We rode along in silence for a while, and I realized that we had almost reached the Palings.

To me, the Palings was like some lost and forgotten corner of Paradise. At the southeast angle of the Buckshaw estate, beneath a spreading tent of green and leafy branches, the river, as though twirling in its skirts, swept round to the west in a gentle bend, creating a quiet glade that was almost an island. Here, the east bank was somewhat higher than the west; the west bank more marshy than the east. If you knew precisely where to look among the trees, you could still spot the pretty arches of the little stone bridge, which dated from the time of the original Buckshaw, an Elizabethan manor house that had been put to the torch in the 1600s by irate villagers who made the wrong assumptions about our family’s religious allegiances.

I turned to the Gypsy, eager to share my love of the place, but she seemed to have fallen asleep. I watched her eyelids carefully to see if she was shamming, but there wasn’t so much as a flicker. Slumped against the frame of the caravan, she gave off the occasional wheeze, so that I knew she was still breathing.

In rather an odd way I found that I resented her easy slumber. I was simply itching to reel off for her, like a tour guide, some of the more fascinating bits of Buckshaw’s history. But for now, I should have to keep them to myself.

The Palings, as we called it, had been one of the haunts, in his latter days, of Nicodemus Flitch, a former tailor who, in the seventeenth century, had founded the Hobblers, a religious sect named for the peculiar shackled gait they adopted as they paced out their prayers. The Hobblers’ beliefs seemed to be based largely on such novel ideas as that heaven was handily located six miles above the earth’s surface, and that Nicodemus Flitch had been appointed personally by God as His mouthpiece and, as such, was licensed to curse souls to eternity, whenever he felt like it.

Daffy had told me that once, when Flitch was preaching at the Palings, he had called down God’s wrath upon the head of a heckler, who fell dead on the spot—and that if I didn’t fork over the tin of licorice allsorts that Aunt Felicity had sent me for my birthday, she would bring the same curse crashing down upon my head.
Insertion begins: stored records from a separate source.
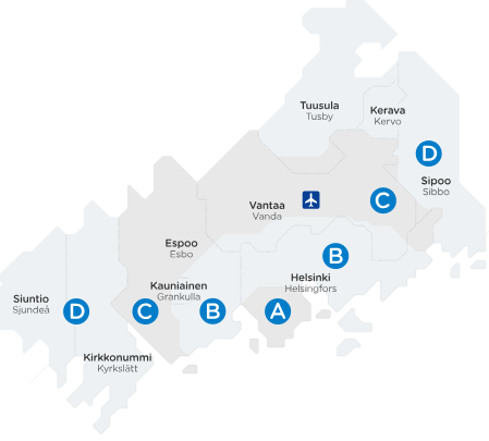 Helsinki Region Transport (HSL), the public transport provider for Helsinki, has divided the metropolitan area into 4 zones, identified by the letters A, B, C, and D, spreading out from the center of Helsinki.
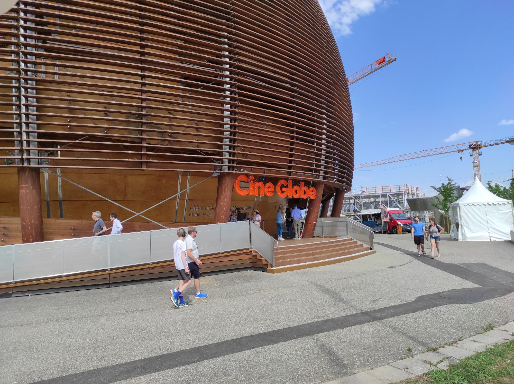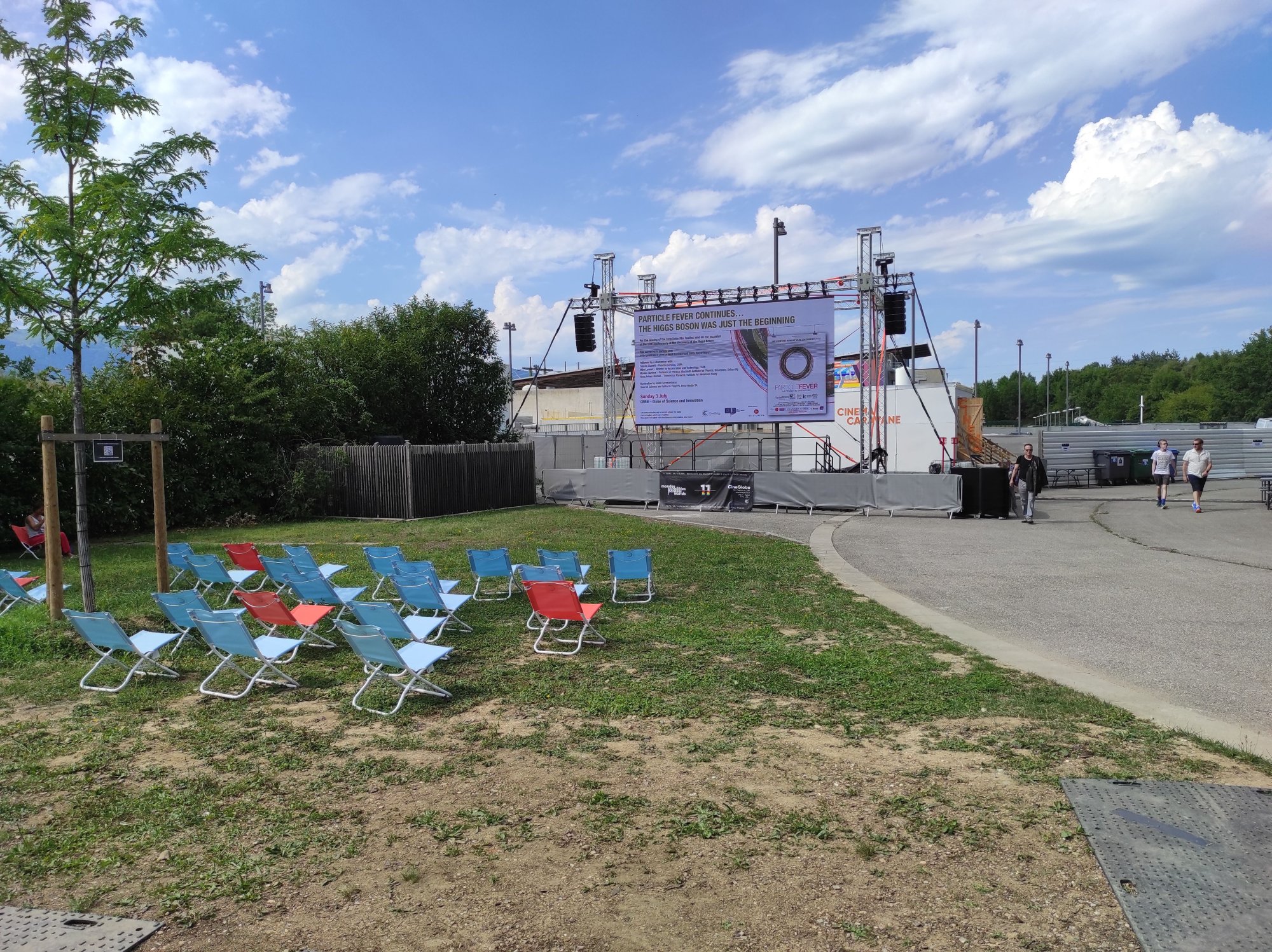 Z bohatého dalšího dění nemohu opomenout ještě jednu akci, které jsem věnoval neděli. Bylo to zakončení filmového festivalu CineGlobe, který se konal od 29. června do 3. července tady v CERN, v impozantní dřevěné budově zvané The Globe. Právě v rámci zakončení festivalu se promítal dokumentární film Particle Fever mapující okolnosti zahájení provozu LHC a objevu Higgsova bosonu. Pozoruhodná byla následující debata, kdy hlavní aktéři filmu, včetně ředitelky CERN Fabioly Gianotti či profesorky Dunfordové z Heidelbergu, diskutovali s publikem o své tehdejší roli, pocitech i výhledech částicové fyziky v CERN pro další desetiletí. Na závěr akce si Fabiola Gianotti našla trochu času speciálně pro studenty. Několik fotografií a krátké rozhovory. Další z nezapomenutelných zážitků z místa, které člověka postupně donutí, aby vnímal i zcela mimořádné zážitky a dojmy jako denní rutinu.
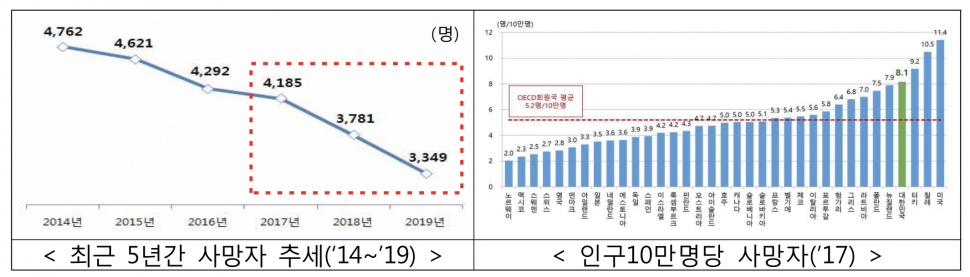 하지만 OECD 국가와 비교하면 여전히 미흡한 수준이다. 지난 2017년 인구 10만 명당 사망자 수는 OECD 35개국 중 32위로 하위권을 기록했다. 2019년에는 순위가 소폭 올랐지만 28위로 교통사고 사망자수는 여전히 높은 편인 것으로 나타났다.
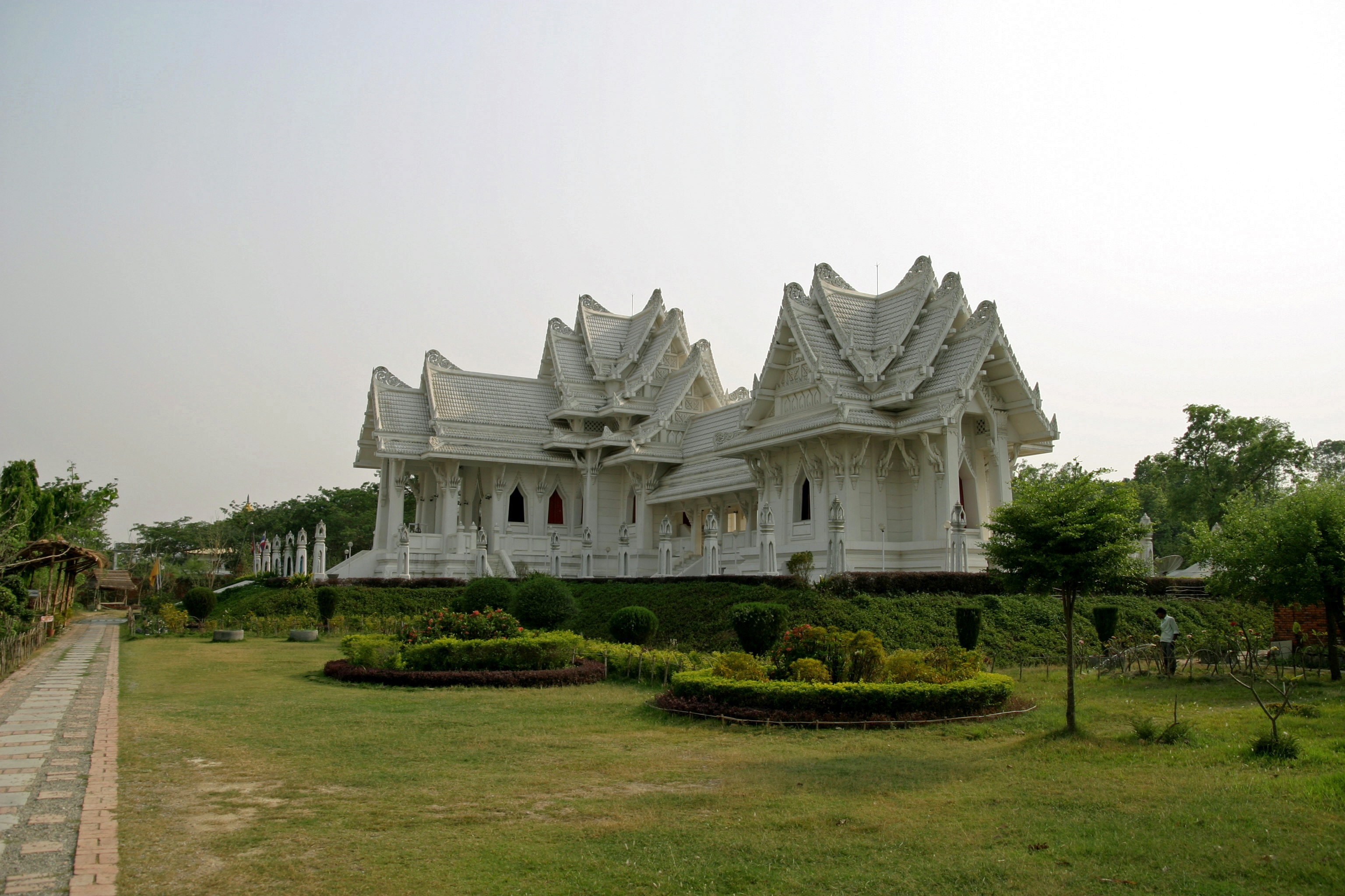到了东区,可以看到最北端的是泰国寺院。泰国寺院是国家建设的,常住由国家委托僧王派遣,也常有国家重要人物到访该寺。泰国寺院往往金光闪闪,但是这座寺院通体白色,不失为一大特色。

“And don’t think I can’t,” she had added ominously, tapping a forefinger on the book that she’d been reading. “The instructions are right here on this page.”

The heckler’s death was a coincidence, I had told her, and most likely due to a stroke or a heart attack. He would likely have died anyway, even if he’d decided to stay home in bed on that particular day.

“Don’t bet on it,” Daffy had grumbled.

In his later years Flitch, driven from London in disgrace, and steadily losing ground to the more exciting religious sects such as the Ranters, the Shakers, the Quakers, the Diggers, the Levellers, the Sliders, the Swadlers, the Tumblers, the Dunkers, the Tunkers, and yes, even the Incorrupticolians, had made his way to Bishop’s Lacey, where at this very bend in the river he had begun baptizing converts to his weird faith.